> _GOAL OF THE EXERCISE_:
Everything from the line with "Datdie stille vriend" to the end of the data below, both lines included, should be transcribed exactly; please omit the pictures.

> _DATA EXTRACT_:
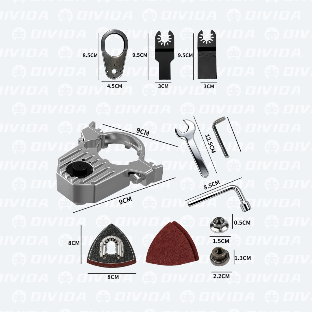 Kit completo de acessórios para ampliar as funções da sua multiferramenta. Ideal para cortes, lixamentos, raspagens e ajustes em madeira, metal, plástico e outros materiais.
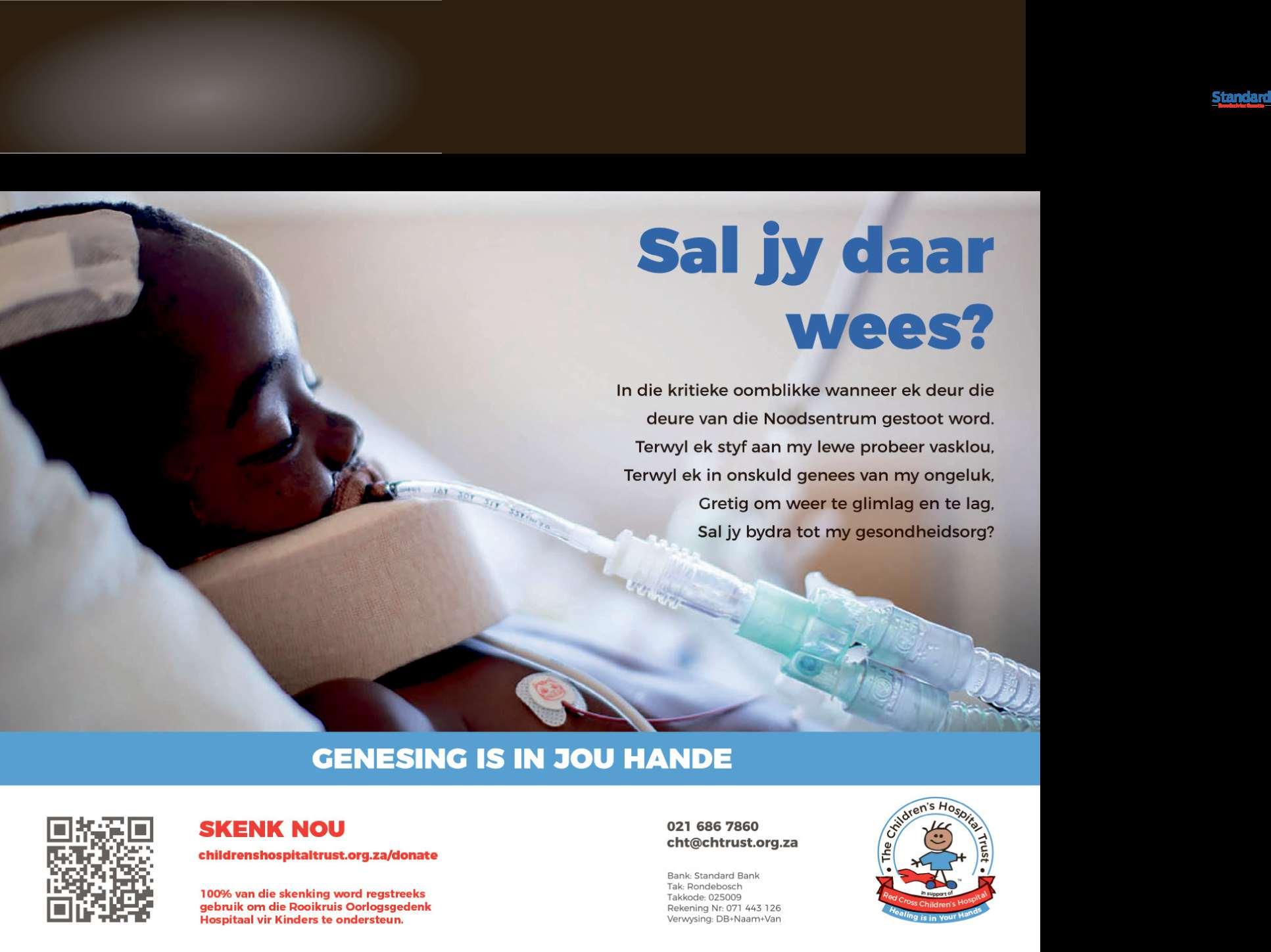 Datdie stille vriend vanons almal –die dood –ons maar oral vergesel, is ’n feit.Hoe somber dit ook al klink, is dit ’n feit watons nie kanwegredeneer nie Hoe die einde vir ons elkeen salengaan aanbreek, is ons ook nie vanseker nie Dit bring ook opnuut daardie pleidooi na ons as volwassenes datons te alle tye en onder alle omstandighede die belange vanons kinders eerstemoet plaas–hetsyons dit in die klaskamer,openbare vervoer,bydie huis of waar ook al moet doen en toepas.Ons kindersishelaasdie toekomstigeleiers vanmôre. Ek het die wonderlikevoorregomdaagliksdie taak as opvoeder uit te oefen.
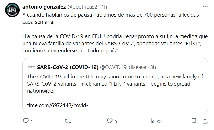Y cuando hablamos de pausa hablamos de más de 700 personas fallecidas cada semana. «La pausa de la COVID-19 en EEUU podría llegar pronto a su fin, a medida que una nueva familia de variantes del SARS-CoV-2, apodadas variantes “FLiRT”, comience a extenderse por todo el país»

> _SOLUTION TO THIS EXERCISE_:
 Datdie stille vriend vanons almal –die dood –ons maar oral vergesel, is ’n feit.Hoe somber dit ook al klink, is dit ’n feit watons nie kanwegredeneer nie Hoe die einde vir ons elkeen salengaan aanbreek, is ons ook nie vanseker nie Dit bring ook opnuut daardie pleidooi na ons as volwassenes datons te alle tye en onder alle omstandighede die belange vanons kinders eerstemoet plaas–hetsyons dit in die klaskamer,openbare vervoer,bydie huis of waar ook al moet doen en toepas.Ons kindersishelaasdie toekomstigeleiers vanmôre. Ek het die wonderlikevoorregomdaagliksdie taak as opvoeder uit te oefen.
Y cuando hablamos de pausa hablamos de más de 700 personas fallecidas cada semana. «La pausa de la COVID-19 en EEUU podría llegar pronto a su fin, a medida que una nueva familia de variantes del SARS-CoV-2, apodadas variantes “FLiRT”, comience a extenderse por todo el país»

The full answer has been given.